TASK STATEMENT: Could you set down the records below exactly as they are, with no pictures?

================

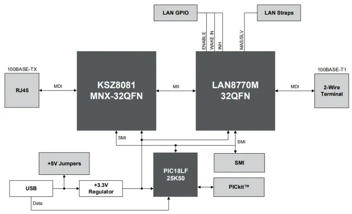 A block diagram showing the high-level architecture of the Microchip EV02N47A LAN8770M converter board is shown below. The two Ethernet transceivers are connected via MII.
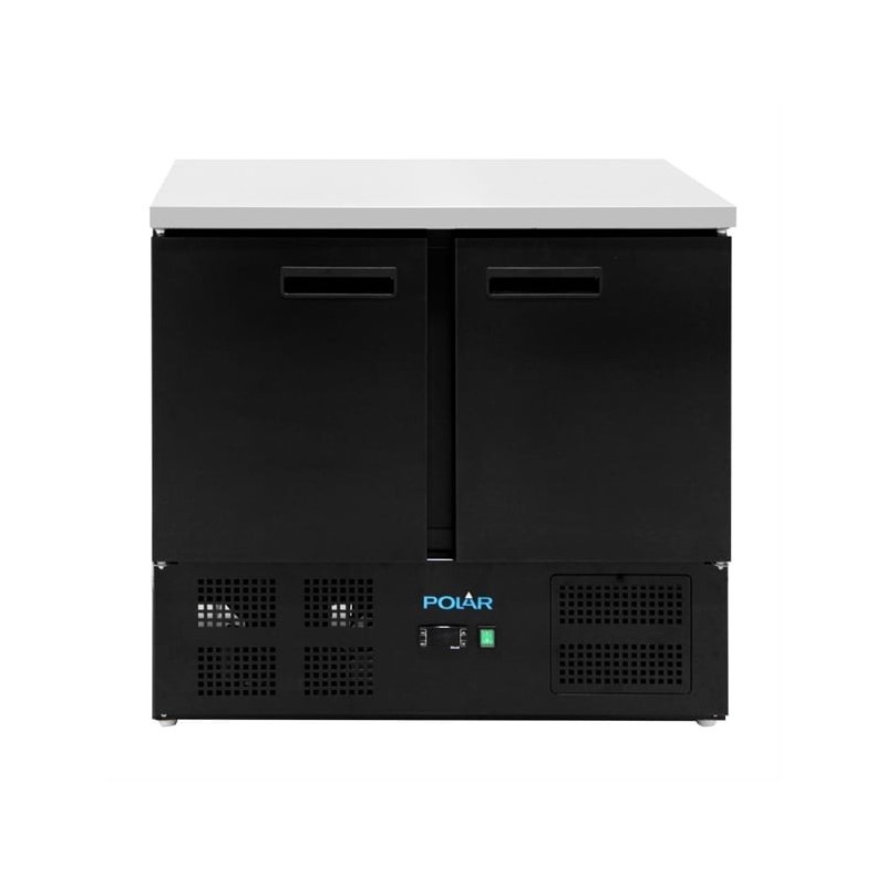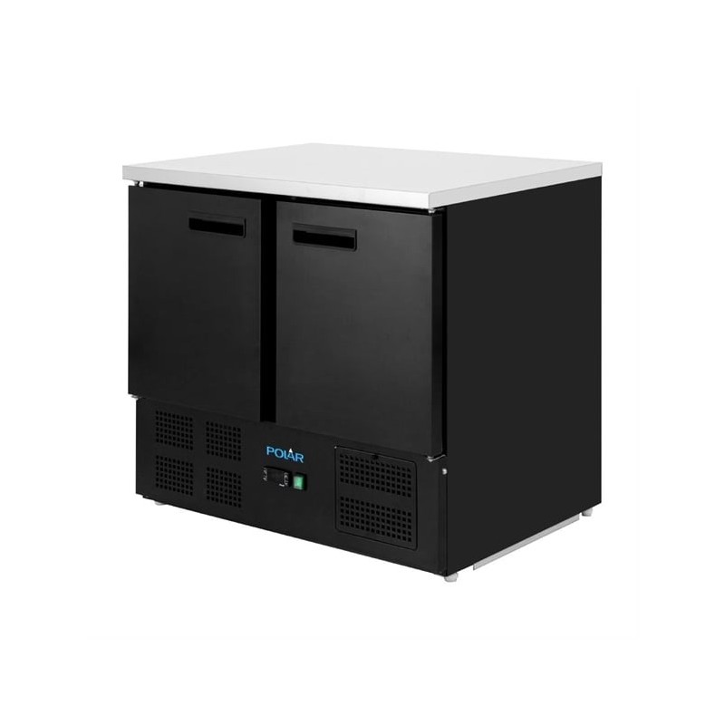 The Polar G-Series Double Door Counter Fridge is the perfect combination of style, durability, and performance for busy food service environments. With a sleek black painted steel exterior and a robust stainless steel worktop, it not only enhances the professional look of your kitchen or front-of-house area but also provides a reliable surface for food preparation or packaging.
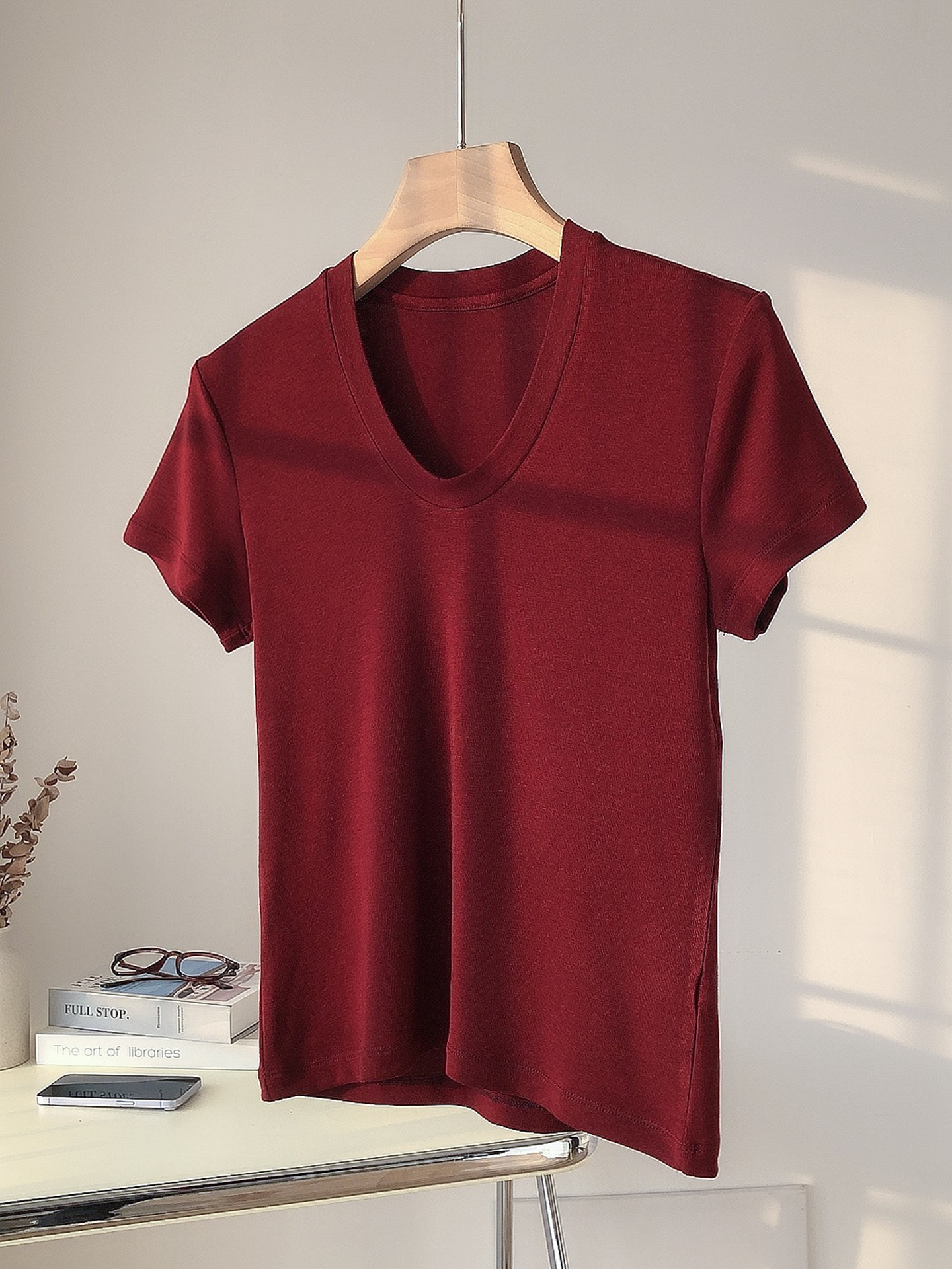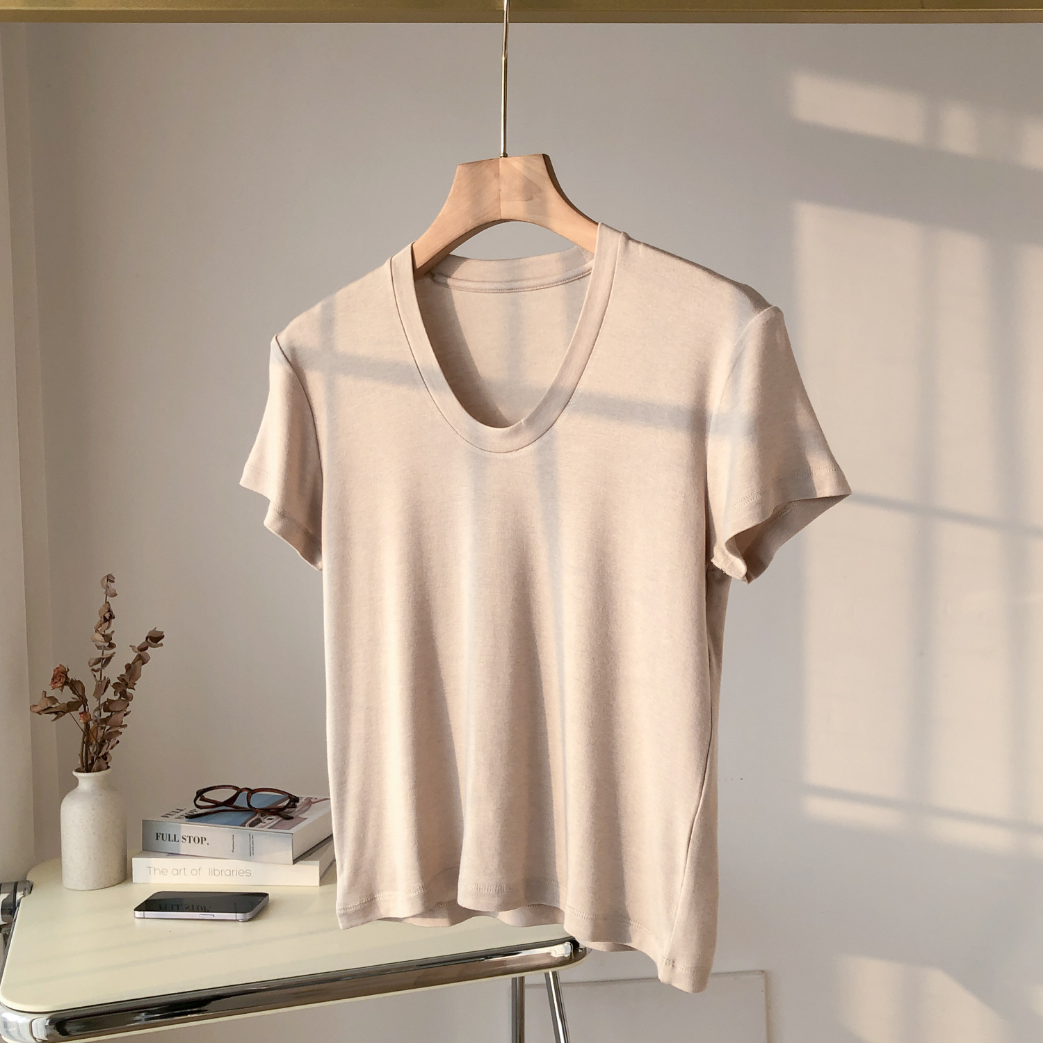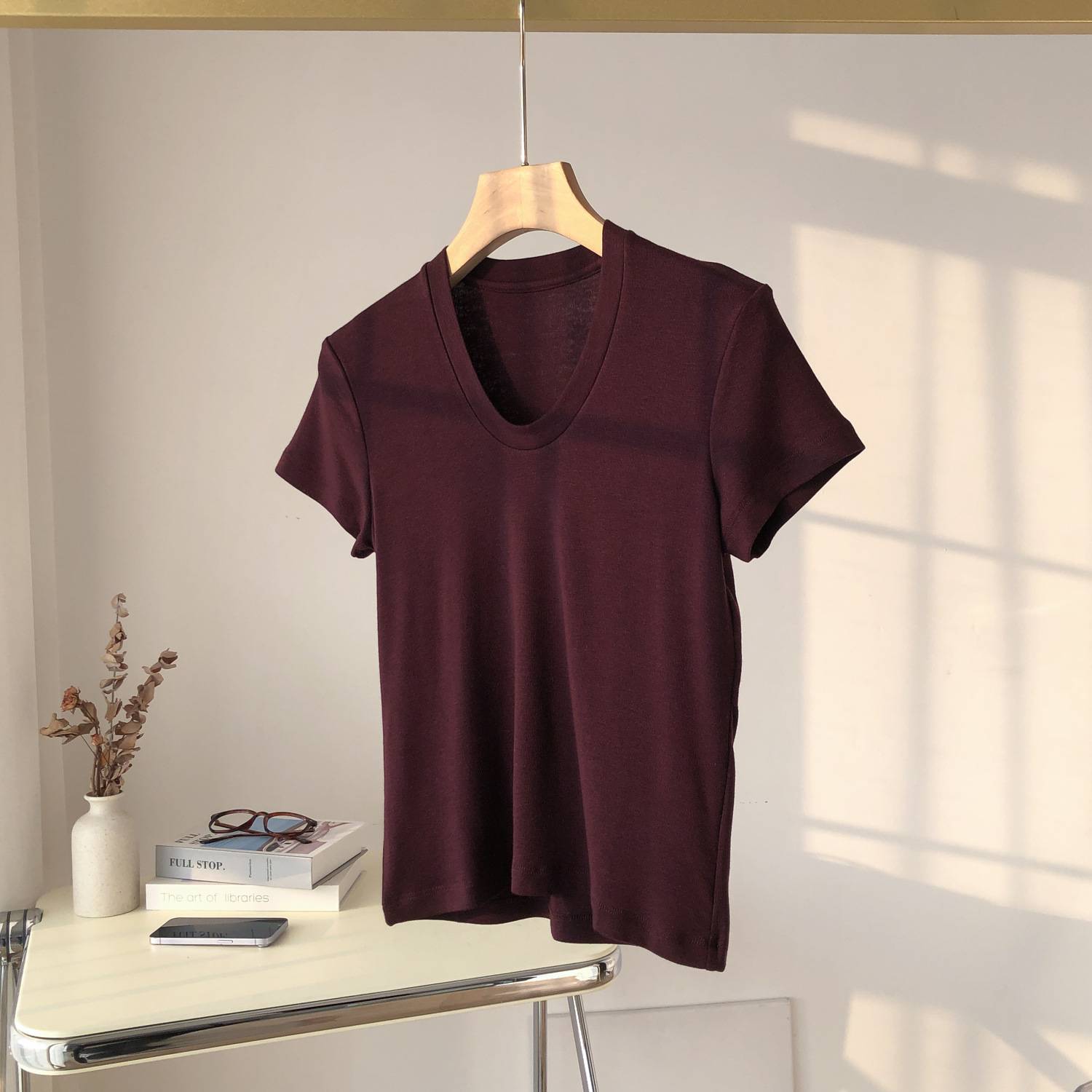 파워 팩토리 백조 목 쇼백 얇은 U-넥 반팔 여성용 탄성 슬림-피트 보토밍 여름 텐셀 아세테이트 울 티셔츠스토어 가기
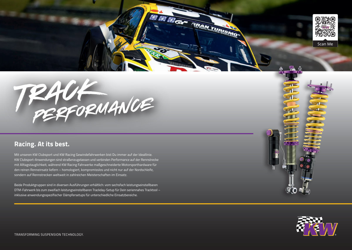 Mit unseren KW Clubsport und KW Racing Gewindefahrwerken bist Du immer auf der Ideallinie. KW Clubsport-Anwendungen sind straßenzugelassen und verbinden Performance auf der Rennstrecke mit Alltagstauglichkeit, während KW Racing Fahrwerke maßgeschneiderte Motorsporthardware für den reinen Renneinsatz liefern – homologiert, kompromisslos und nicht nur auf der Nordschleife, sondern auf Rennstrecken weltweit in zahlreichen Meisterschaften im Einsatz.
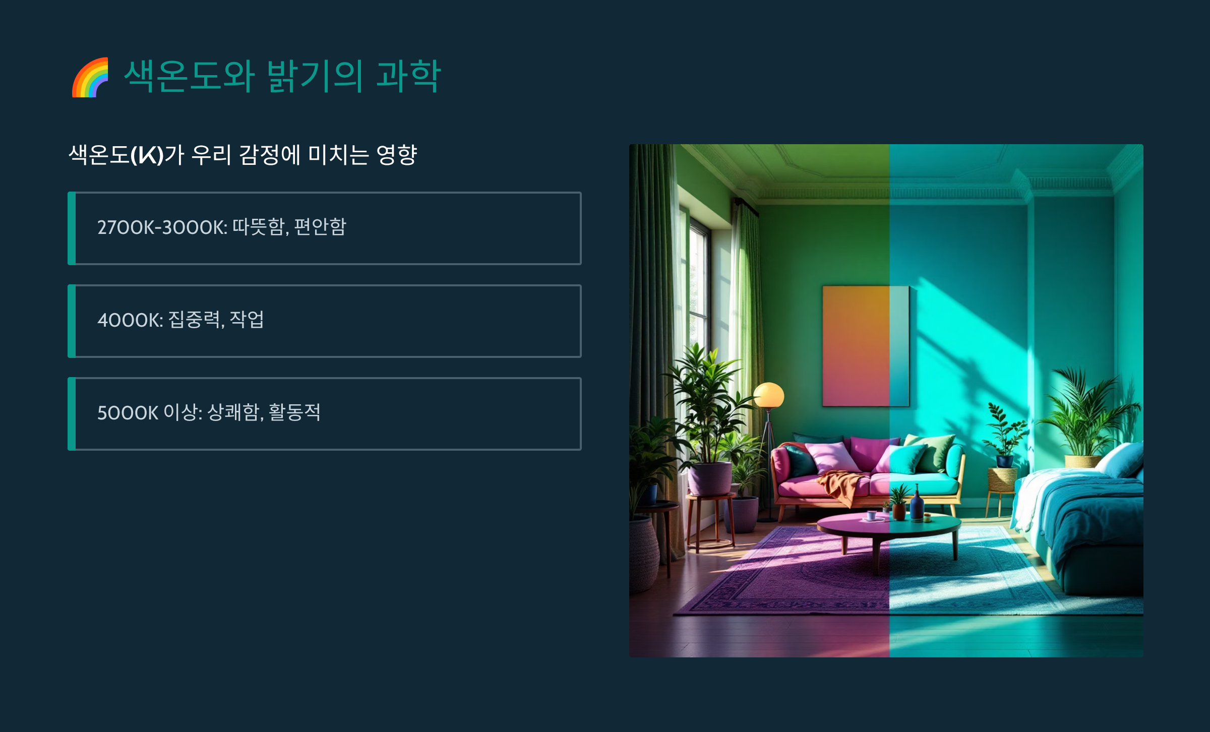 | 저녁 (18-22시) | 3000-4000K | 중간 | 편안한 활동 |

================

RESPONSE TO THIS EXERCISE:
 A block diagram showing the high-level architecture of the Microchip EV02N47A LAN8770M converter board is shown below. The two Ethernet transceivers are connected via MII.
 The Polar G-Series Double Door Counter Fridge is the perfect combination of style, durability, and performance for busy food service environments. With a sleek black painted steel exterior and a robust stainless steel worktop, it not only enhances the professional look of your kitchen or front-of-house area but also provides a reliable surface for food preparation or packaging.
 파워 팩토리 백조 목 쇼백 얇은 U-넥 반팔 여성용 탄성 슬림-피트 보토밍 여름 텐셀 아세테이트 울 티셔츠스토어 가기
 Mit unseren KW Clubsport und KW Racing Gewindefahrwerken bist Du immer auf der Ideallinie. KW Clubsport-Anwendungen sind straßenzugelassen und verbinden Performance auf der Rennstrecke mit Alltagstauglichkeit, während KW Racing Fahrwerke maßgeschneiderte Motorsporthardware für den reinen Renneinsatz liefern – homologiert, kompromisslos und nicht nur auf der Nordschleife, sondern auf Rennstrecken weltweit in zahlreichen Meisterschaften im Einsatz.
 | 저녁 (18-22시) | 3000-4000K | 중간 | 편안한 활동 |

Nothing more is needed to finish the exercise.